We know that no matter how successful the charitable endeavour, the best plans can go astray. In our interventions, we will be proportionate – helping trustees to respond when problems occur, while tackling intentional wrongdoing robustly.

This year we will deliver the next phase of our awareness campaigns and online improvements alongside further steps in our programme of guidance redesign, together continuing to support and improve trustees’ understanding of their responsibilities and contributing to a longer-term reduction in unintentional harms caused by poor governance.

New guidance will underpin the delivery of the second and third phases of the Charities Act 2022, which will also require updates to internal processes and digital systems.

With the launch of our ‘My Charity Commission Account’ this year, we will put in place groundwork that will help us, over time, to reshape our relationship with trustees.

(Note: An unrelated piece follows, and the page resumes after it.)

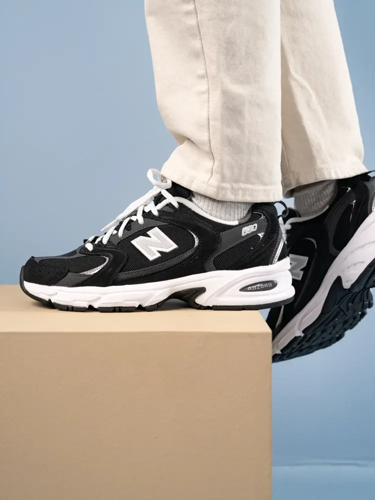 En kåpe med svart genser og skjørt blir med ett sporty med et par New Balance-sneakers på beina. New Balance er komfortable og gode sneakers i en rekke design. Det 90-tallsinspirerte designet er kult til høye tennissokker og sykkeltights, men også fine til dressbukser og blazer. Sneakers kan i grunn styles til alt.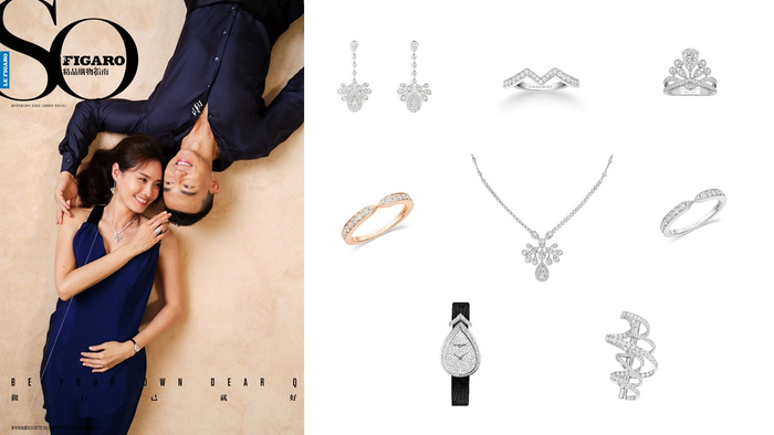 Triomphe de CHAUMET对戒以“V”形切面设计与二位完美呼应,唤醒彼此间无限深情。王婉霏腕间萦绕的女王·冠冕表耀人夺目,散发典雅女王力,衬托其刚柔并济的摩登气质。

Together with conducting research to inform the future development of the Account, we will have taken important steps towards our ultimate ambitions for the service: providing a more efficient and tailored communications channel and an improved customer experience for trustees, which proactively serves them with the guidance and reminders they need to be compliant.

Priority 3: In challenging times, we will improve how we use our voice, data and intelligence to help charity deliver impact

In our work we will listen to all concerns with the respect they deserve, but while we report to Parliament, we will be beholden to no-one in applying the law, continuing to put the public interest front and centre of our regulatory approach.

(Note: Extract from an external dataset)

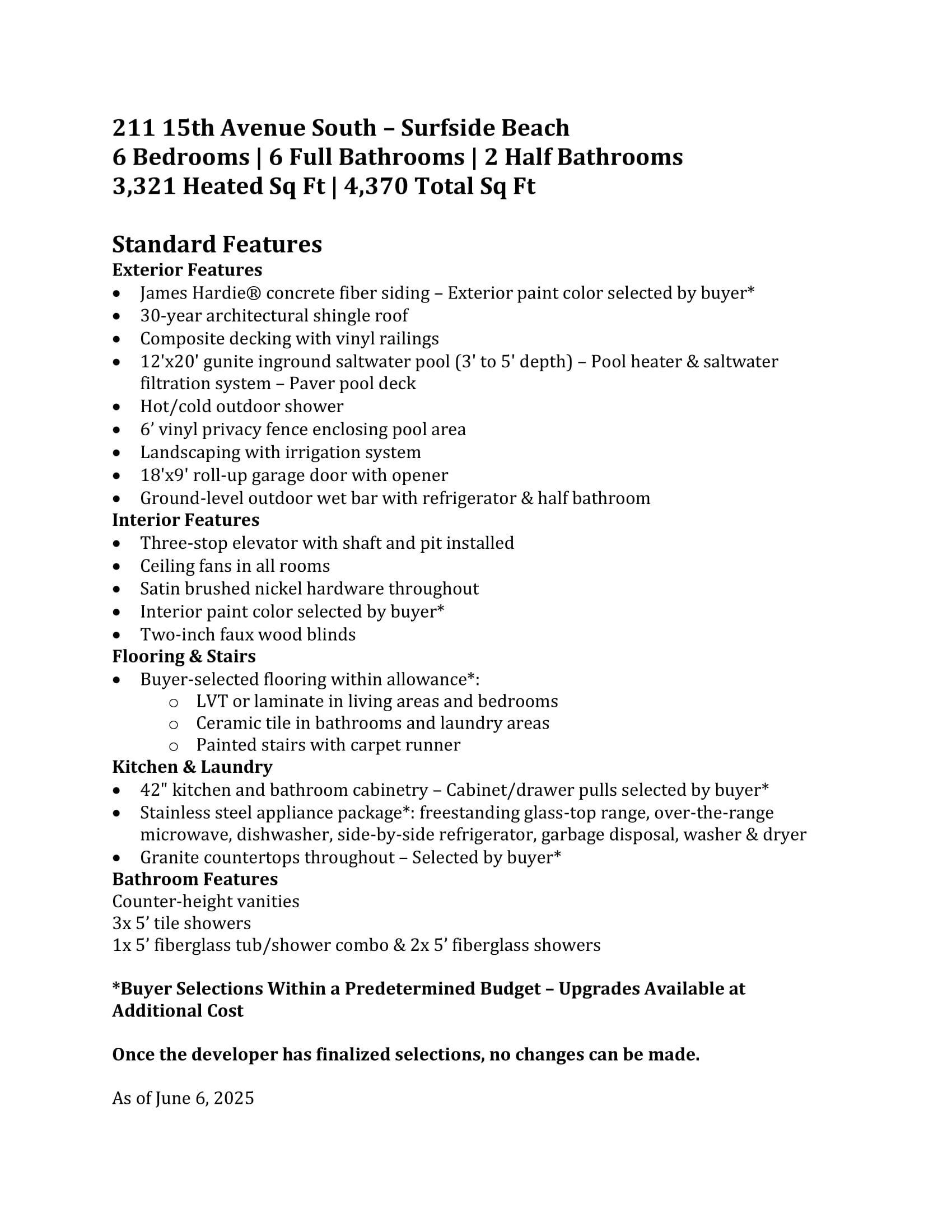 Just a short stroll away from your new home at 211A 15th Ave S (Left Side) "Toes in the Sand". Nestled in the charming Surfside Beach community and located approximately 250 yards from the ocean, this newly constructed beach house offers a perfect blend of comfort and luxury. This under-construction single-family home, due to be completed by May 1, 2026, boasts 3,321 heated square feet and 4,370 total square feet. It includes 6 bedrooms, 6 full bathrooms, and 2 half bathrooms, making it ideal for large families, group vacations, or high-performing short-term rentals. The exterior is designed for coastal durability with James Hardie concrete fiber siding, a 30-year architectural shingle roof, composite decking with vinyl railings, and a 6' vinyl privacy fence enclosing the backyard. Enjoy relaxing and entertaining in your own private oasis featuring a 12'x20' gunite saltwater pool (3' to 5' depth) with a heater, saltwater filtration system, paver pool deck, and hot/cold outdoor shower. A ground-level wet bar with a refrigerator and a half bath adds functionality to outdoor entertaining. Inside, the home features a three-stop elevator, ceiling fans in all rooms, two-inch faux-wood blinds, and satin-brushed-nickel hardware throughout. Flooring consists of LVT or laminate in the main living areas and bedrooms, and ceramic tile in bathrooms and the laundry room. The painted stairway features a carpet runner for added comfort. The property accommodates up to six vehicles, including space in the 18' x 9' garage. The kitchen features 42" upper cabinetry, granite countertops, and a stainless-steel appliance package with a freestanding glass-top range, microwave, dishwasher, side-by-side refrigerator, garbage disposal, and washer/dryer. Within a set allowance, buyers may select finishes such as cabinet hardware, countertops, flooring, and paint color, with upgrade options available. Bathrooms include counter-height vanities, three tile showers, one 5' fiberglass tub/shower combo, and two 5' fiberglass showers, offering both comfort and functionality. The home is zoned for short-term vacation rentals. It is within walking or golf-cart distance of Surfside Pier, restaurants, shops, parks, tennis and bocce courts, a baseball diamond, the library, and the seasonal farmers market. Myrtle Beach is a short 20-minute drive away. View the Matterport 3D Virtual Tour at www.bit.ly/7BRVirtualTour and www.bit.ly/4kMhWwg for a preview of what the finished home may look like. Images and virtual tours are of similar completed models and are for illustrative purposes only. For a spacious, well-appointed beach home in a prime location, 211A 15th Ave S offers excellent value and investment potential. 211B is the twin of 211A, also for sale and currently under construction, with completion scheduled for January 1, 2026.

Over the course of the year, we will speak out on the issues that matter, and we will explore ways to explain our casework in a way that is meaningful to the public and useful to trustees, and which reinforces the independence of our work. We will also raise awareness of the information on our Register.

Through our activity, we will be more proactive in anticipating wrongdoing, dealing with it speedily where we find it. We will continue to deploy our increasingly sophisticated approach to intelligence gathering and data analysis, improving how we use data and intelligence to inform our work, helping us to identify and address the issues and risks that emerge.

This will be supported by the introduction of the improved Annual Return 2023 question set onto our digital services following widespread consultation last year, as well as making the changes to our current system for the classification of what charities do so that we are able to understand better the charity sector through segmentation.

Working with others, we will also continue to progress the redevelopment of the SORP accounting framework, and our long-term work ambitions for the digitisation of charity accounts.

Priority 4: We will invest in our people and our systems so that we continue to be an expert Commission

Our activities under this priority are focused on achieving our ambition to be an expert Commission. We want the Commission to be a great place to work with an employee experience that attracts, retains, engages and develops talented people who believe in what the Commission does. We will continue to develop our offer for staff in this context. To empower our people to deliver excellence in regulation, we will equip them with the knowledge they need through updates and amendments to our operational guidance, as well as looking to bolster capacity by seeking to improve, continuously, existing casework processes.

Through the delivery of the next phase of our IT roadmap, and a wider programme of continuous improvement, we will make sure that our people can deliver their work effectively and efficiently, improving how we use existing systems as well as introducing new ones where appropriate.

This year, we will be developing and will publish our new 5 year strategy from 2024, which will set out a clear and ambitious vision for our future as an expert Commission, which is fair, balanced and independent in the way it delivers its regulation.

Tracking our performance

We will report performance against our Business Plan in our Annual Report for that financial year. We will also continue to track our performance against our Strategic Impact Measures and Customer Service Standards, to ensure the public can see how, each year, the Commission is meeting its strategic and operational objectives.